Data shown:
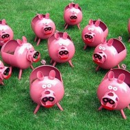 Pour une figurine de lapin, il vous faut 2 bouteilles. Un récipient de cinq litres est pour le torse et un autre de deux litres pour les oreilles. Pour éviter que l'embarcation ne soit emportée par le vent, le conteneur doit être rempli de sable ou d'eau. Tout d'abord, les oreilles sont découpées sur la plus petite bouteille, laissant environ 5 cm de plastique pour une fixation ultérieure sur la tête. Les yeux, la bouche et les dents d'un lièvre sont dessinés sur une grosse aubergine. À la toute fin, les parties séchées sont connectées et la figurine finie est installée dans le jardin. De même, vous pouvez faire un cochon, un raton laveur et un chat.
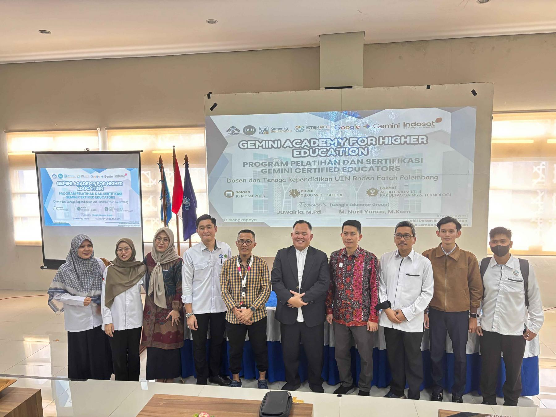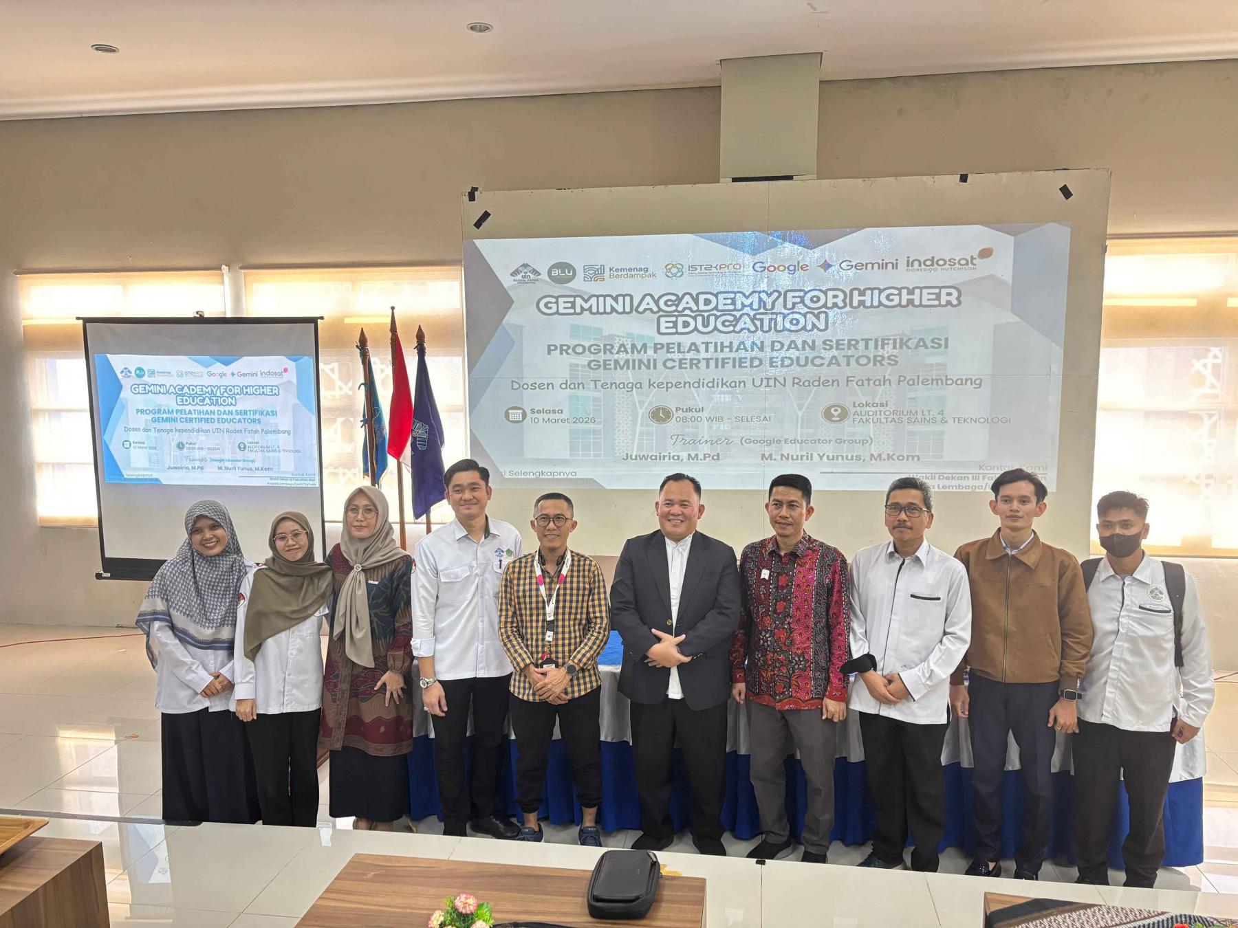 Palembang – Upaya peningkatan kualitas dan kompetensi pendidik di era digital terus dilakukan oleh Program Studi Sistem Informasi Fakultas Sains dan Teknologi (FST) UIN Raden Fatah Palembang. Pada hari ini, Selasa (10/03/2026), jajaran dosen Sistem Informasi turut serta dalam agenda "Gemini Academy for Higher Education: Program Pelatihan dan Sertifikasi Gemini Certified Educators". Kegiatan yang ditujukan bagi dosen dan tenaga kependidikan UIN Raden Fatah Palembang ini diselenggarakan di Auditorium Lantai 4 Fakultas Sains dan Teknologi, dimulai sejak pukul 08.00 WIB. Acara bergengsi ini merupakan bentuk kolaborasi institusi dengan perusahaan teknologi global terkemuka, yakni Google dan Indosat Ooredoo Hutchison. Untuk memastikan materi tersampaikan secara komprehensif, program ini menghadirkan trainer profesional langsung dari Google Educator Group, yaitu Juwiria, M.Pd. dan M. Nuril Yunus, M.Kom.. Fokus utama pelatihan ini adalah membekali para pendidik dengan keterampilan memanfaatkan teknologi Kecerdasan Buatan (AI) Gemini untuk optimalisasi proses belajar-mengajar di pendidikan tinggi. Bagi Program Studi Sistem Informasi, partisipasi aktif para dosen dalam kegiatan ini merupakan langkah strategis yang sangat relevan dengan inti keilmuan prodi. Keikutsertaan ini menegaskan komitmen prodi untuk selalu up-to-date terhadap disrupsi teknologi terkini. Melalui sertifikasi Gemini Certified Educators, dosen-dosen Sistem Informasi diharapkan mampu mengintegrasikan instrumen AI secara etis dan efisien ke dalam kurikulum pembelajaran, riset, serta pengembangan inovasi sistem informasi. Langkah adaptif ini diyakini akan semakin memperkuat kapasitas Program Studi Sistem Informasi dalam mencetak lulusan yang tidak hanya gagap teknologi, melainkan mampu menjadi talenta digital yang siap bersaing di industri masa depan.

--

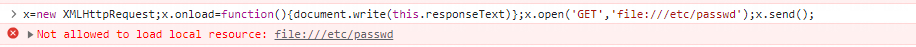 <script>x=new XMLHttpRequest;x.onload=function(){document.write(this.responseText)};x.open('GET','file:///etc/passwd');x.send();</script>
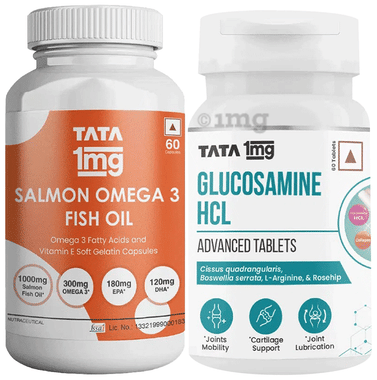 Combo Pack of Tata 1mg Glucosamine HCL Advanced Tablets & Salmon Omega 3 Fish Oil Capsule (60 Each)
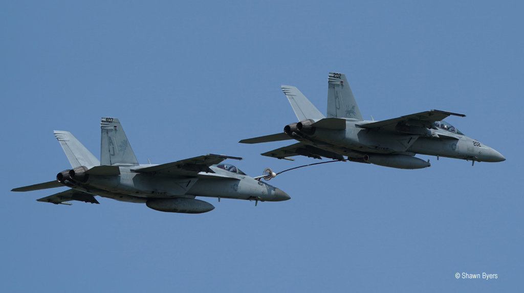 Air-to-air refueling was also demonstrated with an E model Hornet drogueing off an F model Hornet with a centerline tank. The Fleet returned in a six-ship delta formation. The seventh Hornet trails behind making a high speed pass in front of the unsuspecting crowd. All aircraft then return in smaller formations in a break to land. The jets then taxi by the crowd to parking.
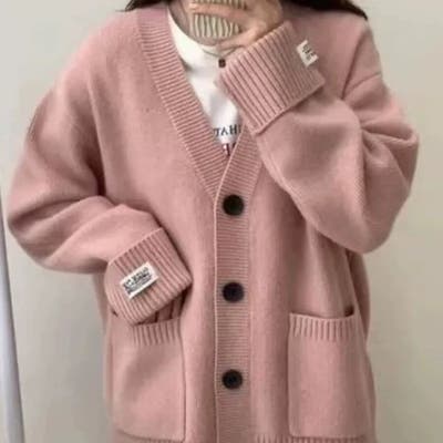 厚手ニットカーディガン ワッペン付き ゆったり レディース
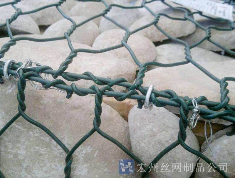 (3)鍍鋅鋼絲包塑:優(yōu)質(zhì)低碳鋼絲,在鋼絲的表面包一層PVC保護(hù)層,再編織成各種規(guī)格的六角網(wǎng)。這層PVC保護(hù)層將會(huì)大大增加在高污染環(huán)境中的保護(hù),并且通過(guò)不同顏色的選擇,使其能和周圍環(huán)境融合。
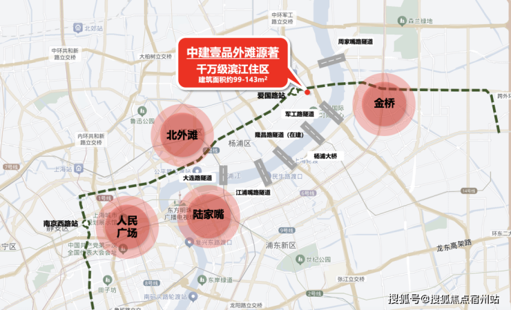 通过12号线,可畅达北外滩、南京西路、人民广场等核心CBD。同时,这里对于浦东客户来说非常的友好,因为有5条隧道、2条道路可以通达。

Problem requirements: Out of the records above, please copy exactly the lines from the line with "Air-to-air refueling was" up to and including the line with "通过12号线,可畅达北外滩、", minus the pictures.

Output of the task:
 Air-to-air refueling was also demonstrated with an E model Hornet drogueing off an F model Hornet with a centerline tank. The Fleet returned in a six-ship delta formation. The seventh Hornet trails behind making a high speed pass in front of the unsuspecting crowd. All aircraft then return in smaller formations in a break to land. The jets then taxi by the crowd to parking.
 厚手ニットカーディガン ワッペン付き ゆったり レディース
 (3)鍍鋅鋼絲包塑:優(yōu)質(zhì)低碳鋼絲,在鋼絲的表面包一層PVC保護(hù)層,再編織成各種規(guī)格的六角網(wǎng)。這層PVC保護(hù)層將會(huì)大大增加在高污染環(huán)境中的保護(hù),并且通過(guò)不同顏色的選擇,使其能和周圍環(huán)境融合。
 通过12号线,可畅达北外滩、南京西路、人民广场等核心CBD。同时,这里对于浦东客户来说非常的友好,因为有5条隧道、2条道路可以通达。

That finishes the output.